ACTIVITY: Make an exact copy of the lines from the one containing "Cămașa Românească cu" through the end of the material, including both ends but no pictures.

________________

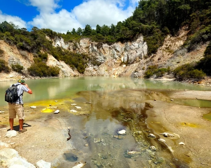 Herfra kører du videre sydpå mod Wai-O-Tapu, som er et farvestrålende og spektakulært geotermisk område, skabt af tusinder af års vulkansk aktivitet. Her venter et surrealistisk landskab fyldt med boblende mudderpøle, dampende jord og varme kilder i alle regnbuens farver. Her kan du bl.a. opleve den næsten uvirkelige Champagne Pool med sit orange kantbånd og boblende overflade, samt farvestrålende kratersøer og dampende stier, der fører dig gennem et landskab, som mest af alt ligner noget fra en anden planet. Og ja – så ”dufter” her af svovl, men det er en del af oplevelsen.
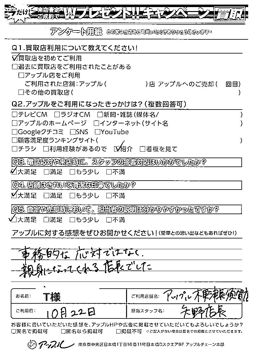 Q電話対応や来店時に、スタッフの接客対応はいかがでしたか?
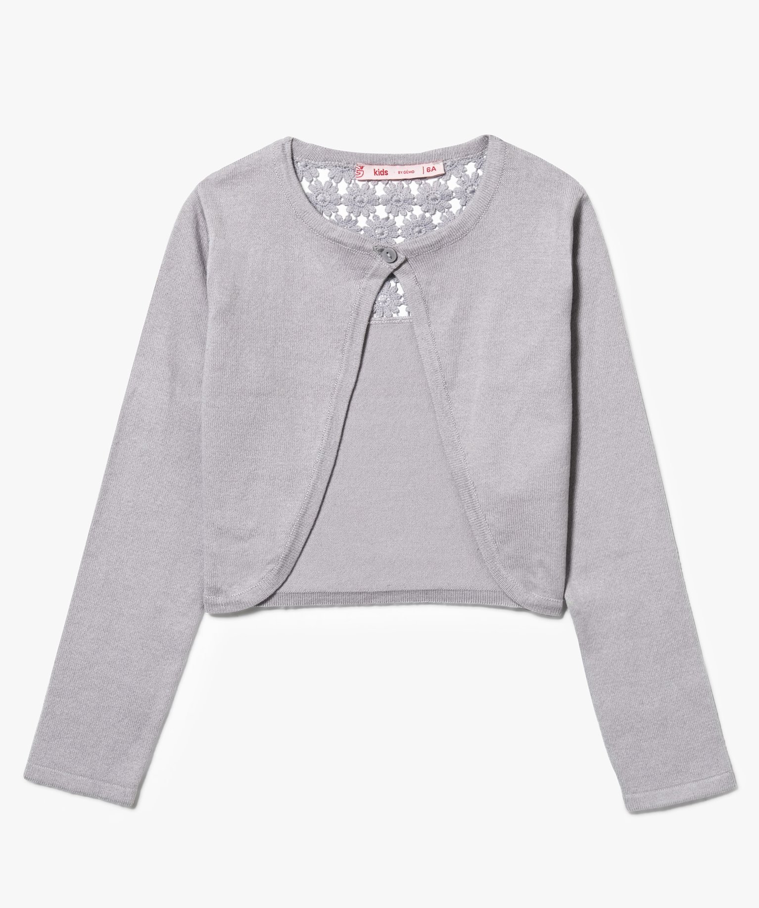 Gilet boléro pour fille. Fermeture bouton. Manches longues.
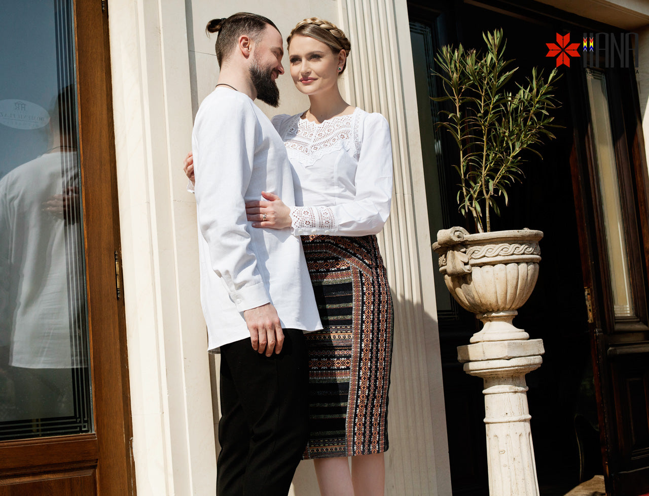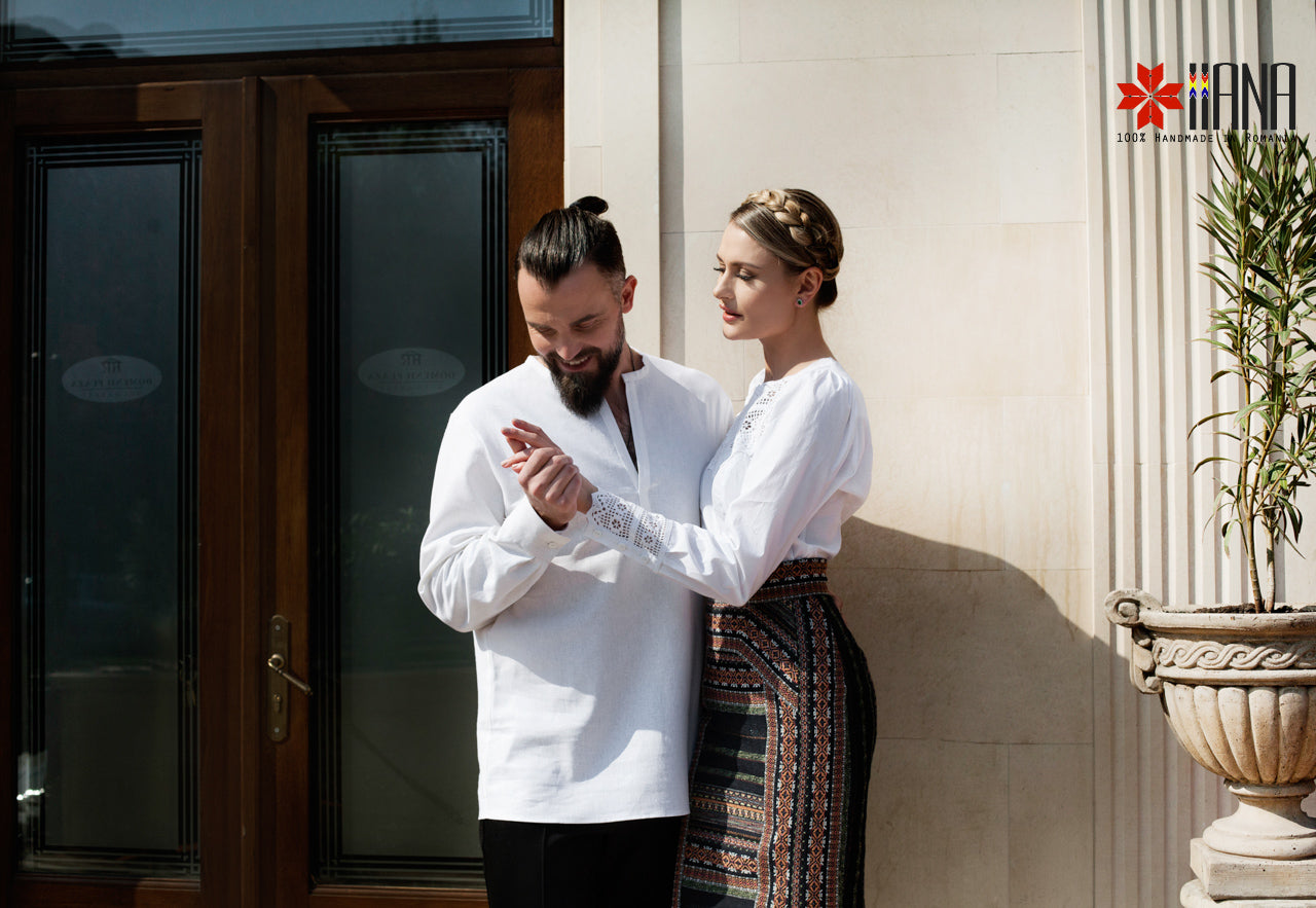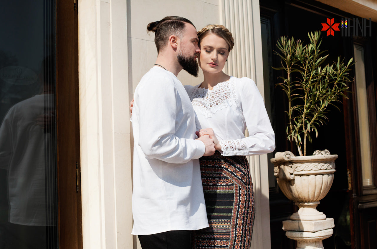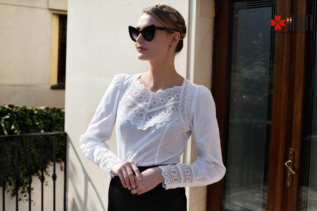 Cămașa Românească cu Dantelă Tradițională de Bumbac are o croială ușor cambrată, cu plătcuță și manșete
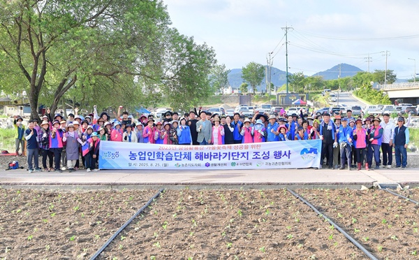 한국농촌지도자장성군연합회·한국생활개선장성군연합회·장성군4-H(에이치)연합회·귀농귀촌인협의회 회원 200여 명이 장안교~연꽃단지 일원에 모여 해바라기단지를 조성했다.
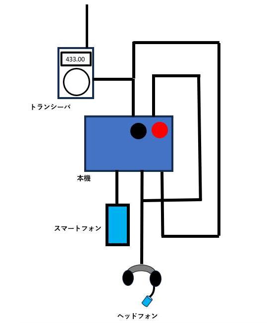先の写真のように2枚の基板で構成されてます。図1のように、ヘッドフォン、トランシーバ、スマートフォンを次の図のように接続します。

________________

COMPLETED TASK:
 Cămașa Românească cu Dantelă Tradițională de Bumbac are o croială ușor cambrată, cu plătcuță și manșete
 한국농촌지도자장성군연합회·한국생활개선장성군연합회·장성군4-H(에이치)연합회·귀농귀촌인협의회 회원 200여 명이 장안교~연꽃단지 일원에 모여 해바라기단지를 조성했다.
先の写真のように2枚の基板で構成されてます。図1のように、ヘッドフォン、トランシーバ、スマートフォンを次の図のように接続します。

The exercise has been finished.